To determine the required semiannual deposit, we can use the formula for the future value of an annuity:
FV = P * [(1 + r/n)^(nt) - 1] / (r/n)
Where:
FV = future value
P = periodic deposit
r = interest rate per period
n = number of compounding periods per year
t = number of years
Given that the engineer wishes to have a fund of P400,000 at the end of each year for the last five years (periods 10 to 14), we can calculate the future value of this annuity and then solve for the periodic deposit.
First, let's calculate the number of compounding periods per year:
n = 12 (compounded monthly)
Since the engineer wants to make semiannual deposits, we need to adjust the number of years and the interest rate accordingly.
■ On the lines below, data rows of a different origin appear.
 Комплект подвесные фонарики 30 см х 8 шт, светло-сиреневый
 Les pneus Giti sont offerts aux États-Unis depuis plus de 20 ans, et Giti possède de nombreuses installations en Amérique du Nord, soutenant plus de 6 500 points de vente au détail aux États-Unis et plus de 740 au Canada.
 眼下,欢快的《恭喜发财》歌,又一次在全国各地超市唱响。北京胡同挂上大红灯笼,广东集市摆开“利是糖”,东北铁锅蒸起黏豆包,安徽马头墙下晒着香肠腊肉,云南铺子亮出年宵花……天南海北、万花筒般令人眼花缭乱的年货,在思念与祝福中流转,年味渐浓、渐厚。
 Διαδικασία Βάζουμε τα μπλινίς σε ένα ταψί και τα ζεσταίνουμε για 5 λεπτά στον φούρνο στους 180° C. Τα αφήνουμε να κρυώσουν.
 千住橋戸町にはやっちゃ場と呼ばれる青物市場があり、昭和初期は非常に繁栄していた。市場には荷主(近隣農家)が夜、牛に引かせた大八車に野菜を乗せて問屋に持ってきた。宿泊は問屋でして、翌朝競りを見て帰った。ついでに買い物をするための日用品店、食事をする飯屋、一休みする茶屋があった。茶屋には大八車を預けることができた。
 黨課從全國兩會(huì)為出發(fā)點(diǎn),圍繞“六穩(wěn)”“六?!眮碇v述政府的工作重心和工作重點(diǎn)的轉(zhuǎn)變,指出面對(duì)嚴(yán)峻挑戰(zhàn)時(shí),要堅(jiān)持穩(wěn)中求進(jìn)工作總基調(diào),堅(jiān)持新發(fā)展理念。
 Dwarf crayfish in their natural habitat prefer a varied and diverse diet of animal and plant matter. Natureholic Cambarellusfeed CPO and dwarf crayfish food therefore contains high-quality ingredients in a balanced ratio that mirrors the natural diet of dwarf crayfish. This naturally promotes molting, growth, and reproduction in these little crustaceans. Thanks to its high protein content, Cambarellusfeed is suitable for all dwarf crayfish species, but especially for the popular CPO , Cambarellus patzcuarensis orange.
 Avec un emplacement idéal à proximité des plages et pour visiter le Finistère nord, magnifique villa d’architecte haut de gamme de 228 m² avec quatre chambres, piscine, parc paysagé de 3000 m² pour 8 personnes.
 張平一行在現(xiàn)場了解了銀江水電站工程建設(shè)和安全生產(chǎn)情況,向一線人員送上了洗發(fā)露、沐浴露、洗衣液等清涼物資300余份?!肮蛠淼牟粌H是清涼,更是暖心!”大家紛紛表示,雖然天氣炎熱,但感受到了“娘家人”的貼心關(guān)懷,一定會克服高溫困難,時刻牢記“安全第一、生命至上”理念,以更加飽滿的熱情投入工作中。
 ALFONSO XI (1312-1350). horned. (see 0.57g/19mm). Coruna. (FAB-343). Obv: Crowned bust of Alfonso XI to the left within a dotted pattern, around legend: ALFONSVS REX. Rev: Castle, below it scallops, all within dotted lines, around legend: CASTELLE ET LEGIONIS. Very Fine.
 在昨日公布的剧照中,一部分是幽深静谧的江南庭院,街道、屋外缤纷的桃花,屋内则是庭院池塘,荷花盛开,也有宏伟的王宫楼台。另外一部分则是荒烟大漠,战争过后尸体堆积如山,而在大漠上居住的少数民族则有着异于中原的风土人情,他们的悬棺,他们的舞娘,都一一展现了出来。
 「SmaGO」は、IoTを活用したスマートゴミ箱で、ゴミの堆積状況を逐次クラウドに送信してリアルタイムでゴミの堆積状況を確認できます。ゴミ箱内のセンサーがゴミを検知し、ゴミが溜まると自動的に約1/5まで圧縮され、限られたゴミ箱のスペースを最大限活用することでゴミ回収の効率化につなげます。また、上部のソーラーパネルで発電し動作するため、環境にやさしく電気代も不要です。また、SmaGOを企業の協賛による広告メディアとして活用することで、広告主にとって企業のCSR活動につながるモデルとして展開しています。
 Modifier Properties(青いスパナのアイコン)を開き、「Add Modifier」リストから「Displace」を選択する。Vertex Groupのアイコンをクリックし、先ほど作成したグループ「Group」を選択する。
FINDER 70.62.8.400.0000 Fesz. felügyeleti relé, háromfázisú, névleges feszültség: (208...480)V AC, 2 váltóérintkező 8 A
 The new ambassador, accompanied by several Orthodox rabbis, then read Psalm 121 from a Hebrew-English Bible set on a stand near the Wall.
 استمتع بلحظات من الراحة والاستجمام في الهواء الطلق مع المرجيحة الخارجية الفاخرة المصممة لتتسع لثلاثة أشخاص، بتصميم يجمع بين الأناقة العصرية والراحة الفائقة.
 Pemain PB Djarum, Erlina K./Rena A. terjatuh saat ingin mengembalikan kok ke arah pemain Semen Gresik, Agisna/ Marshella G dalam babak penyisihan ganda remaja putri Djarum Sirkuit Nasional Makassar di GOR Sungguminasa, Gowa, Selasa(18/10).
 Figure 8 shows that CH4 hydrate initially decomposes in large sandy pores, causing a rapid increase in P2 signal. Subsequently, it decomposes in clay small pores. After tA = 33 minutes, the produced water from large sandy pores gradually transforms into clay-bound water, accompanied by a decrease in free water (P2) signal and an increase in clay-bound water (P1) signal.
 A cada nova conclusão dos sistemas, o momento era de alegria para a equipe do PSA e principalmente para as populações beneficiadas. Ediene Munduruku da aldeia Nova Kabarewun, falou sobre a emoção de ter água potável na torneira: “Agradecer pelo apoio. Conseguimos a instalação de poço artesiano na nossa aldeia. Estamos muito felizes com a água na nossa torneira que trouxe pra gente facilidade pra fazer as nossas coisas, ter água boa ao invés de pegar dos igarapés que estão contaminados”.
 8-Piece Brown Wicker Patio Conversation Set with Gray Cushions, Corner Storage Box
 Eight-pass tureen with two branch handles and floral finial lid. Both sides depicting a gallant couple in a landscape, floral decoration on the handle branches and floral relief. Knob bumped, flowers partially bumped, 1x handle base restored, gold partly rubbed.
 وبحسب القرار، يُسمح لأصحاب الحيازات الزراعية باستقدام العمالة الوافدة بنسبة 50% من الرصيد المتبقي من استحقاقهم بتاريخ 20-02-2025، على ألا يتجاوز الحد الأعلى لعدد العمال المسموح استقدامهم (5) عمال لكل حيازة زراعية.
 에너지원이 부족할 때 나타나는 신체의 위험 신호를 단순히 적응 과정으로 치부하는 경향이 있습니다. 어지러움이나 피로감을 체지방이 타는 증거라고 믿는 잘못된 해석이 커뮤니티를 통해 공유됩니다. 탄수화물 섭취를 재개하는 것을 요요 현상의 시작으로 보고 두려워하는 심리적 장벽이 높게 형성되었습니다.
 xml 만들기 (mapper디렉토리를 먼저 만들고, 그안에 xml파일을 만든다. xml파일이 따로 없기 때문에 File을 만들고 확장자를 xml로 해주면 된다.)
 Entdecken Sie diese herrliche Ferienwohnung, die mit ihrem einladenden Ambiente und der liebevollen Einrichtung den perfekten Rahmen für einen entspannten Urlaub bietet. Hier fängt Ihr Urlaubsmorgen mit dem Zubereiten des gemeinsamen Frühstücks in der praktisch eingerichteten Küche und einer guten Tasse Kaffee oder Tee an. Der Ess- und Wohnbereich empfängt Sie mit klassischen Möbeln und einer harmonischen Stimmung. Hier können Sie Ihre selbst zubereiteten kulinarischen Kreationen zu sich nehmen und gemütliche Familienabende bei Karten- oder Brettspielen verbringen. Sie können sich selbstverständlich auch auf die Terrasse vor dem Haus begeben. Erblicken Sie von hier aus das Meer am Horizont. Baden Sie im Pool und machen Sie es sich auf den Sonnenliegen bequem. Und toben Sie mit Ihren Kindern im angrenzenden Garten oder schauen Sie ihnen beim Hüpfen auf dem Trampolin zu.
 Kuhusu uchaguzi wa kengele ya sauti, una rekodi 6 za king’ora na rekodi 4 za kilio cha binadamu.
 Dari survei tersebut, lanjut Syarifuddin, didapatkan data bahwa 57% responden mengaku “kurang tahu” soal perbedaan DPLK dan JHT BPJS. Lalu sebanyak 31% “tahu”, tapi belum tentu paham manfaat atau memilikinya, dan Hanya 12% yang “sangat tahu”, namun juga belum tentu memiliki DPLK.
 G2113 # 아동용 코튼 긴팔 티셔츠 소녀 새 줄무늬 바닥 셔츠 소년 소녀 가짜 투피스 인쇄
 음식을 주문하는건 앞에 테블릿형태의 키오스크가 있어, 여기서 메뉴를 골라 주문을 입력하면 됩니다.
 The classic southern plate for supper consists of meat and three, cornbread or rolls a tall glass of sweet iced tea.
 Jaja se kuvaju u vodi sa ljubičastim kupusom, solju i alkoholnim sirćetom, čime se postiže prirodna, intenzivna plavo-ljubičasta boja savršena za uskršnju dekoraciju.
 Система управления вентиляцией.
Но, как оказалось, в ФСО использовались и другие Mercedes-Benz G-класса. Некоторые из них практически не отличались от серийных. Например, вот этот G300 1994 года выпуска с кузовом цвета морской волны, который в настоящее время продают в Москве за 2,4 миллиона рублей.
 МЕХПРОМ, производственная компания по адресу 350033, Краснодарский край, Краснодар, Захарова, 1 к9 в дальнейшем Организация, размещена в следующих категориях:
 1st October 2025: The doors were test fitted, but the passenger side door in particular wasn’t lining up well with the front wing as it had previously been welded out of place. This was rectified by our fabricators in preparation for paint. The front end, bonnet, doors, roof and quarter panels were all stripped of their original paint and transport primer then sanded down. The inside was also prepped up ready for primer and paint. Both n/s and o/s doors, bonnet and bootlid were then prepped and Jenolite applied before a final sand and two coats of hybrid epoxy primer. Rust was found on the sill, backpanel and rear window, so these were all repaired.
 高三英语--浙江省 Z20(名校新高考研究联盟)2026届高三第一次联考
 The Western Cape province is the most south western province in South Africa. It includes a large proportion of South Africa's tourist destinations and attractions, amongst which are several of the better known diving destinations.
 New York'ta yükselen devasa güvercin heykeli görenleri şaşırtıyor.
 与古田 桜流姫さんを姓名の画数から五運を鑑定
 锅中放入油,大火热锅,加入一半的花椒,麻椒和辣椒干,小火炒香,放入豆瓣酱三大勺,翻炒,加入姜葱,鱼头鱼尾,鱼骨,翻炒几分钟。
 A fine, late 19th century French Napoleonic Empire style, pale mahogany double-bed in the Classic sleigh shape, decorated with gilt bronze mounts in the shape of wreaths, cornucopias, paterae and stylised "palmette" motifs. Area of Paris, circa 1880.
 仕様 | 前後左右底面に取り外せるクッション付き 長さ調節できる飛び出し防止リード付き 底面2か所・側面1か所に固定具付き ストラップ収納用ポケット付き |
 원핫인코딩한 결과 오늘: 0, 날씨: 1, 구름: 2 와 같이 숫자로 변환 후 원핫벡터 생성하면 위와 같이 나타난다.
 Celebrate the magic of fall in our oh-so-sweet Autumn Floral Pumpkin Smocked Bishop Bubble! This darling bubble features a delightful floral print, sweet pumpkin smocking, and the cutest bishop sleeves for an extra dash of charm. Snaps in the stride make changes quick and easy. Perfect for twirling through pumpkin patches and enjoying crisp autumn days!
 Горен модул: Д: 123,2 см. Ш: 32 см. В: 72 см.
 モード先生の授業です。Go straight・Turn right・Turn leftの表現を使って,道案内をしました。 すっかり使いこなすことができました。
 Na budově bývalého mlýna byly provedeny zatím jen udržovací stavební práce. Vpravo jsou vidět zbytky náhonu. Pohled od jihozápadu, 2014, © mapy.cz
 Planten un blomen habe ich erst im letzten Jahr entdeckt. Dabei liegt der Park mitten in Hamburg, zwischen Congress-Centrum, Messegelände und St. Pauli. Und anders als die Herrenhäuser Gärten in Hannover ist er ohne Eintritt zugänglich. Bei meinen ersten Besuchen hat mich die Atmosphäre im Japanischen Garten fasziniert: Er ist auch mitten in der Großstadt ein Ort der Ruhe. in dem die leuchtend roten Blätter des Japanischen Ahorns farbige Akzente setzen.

The total number of periods (t) will be double the number of years (14).
t = 28
Next, we need to convert the interest rate from an annual rate (5%) to a monthly rate by dividing it by the number of compounding periods per year:
r = 5% / 12
r = 0.05 / 12
r = 0.0041667
Now, substitute the given values into the future value formula and solve for P:
400,000 = P * [(1 + 0.0041667/12)^(12*28) - 1] / (0.0041667/12)
Simplifying the equation:
400,000 = P * [(1.0041667)^(336) - 1] / 0.0041667
Now, solve for P:
P = 400,000 * (0.0041667) / [(1.0041667)^(336) - 1]
Using a calculator, we find:
P ≈ 4,967.28
Therefore, the engineer needs to make a semiannual deposit of approximately P4,967.28 to achieve the desired fund amount of P400,000 at the end of each year for the last five years of the 14-year period.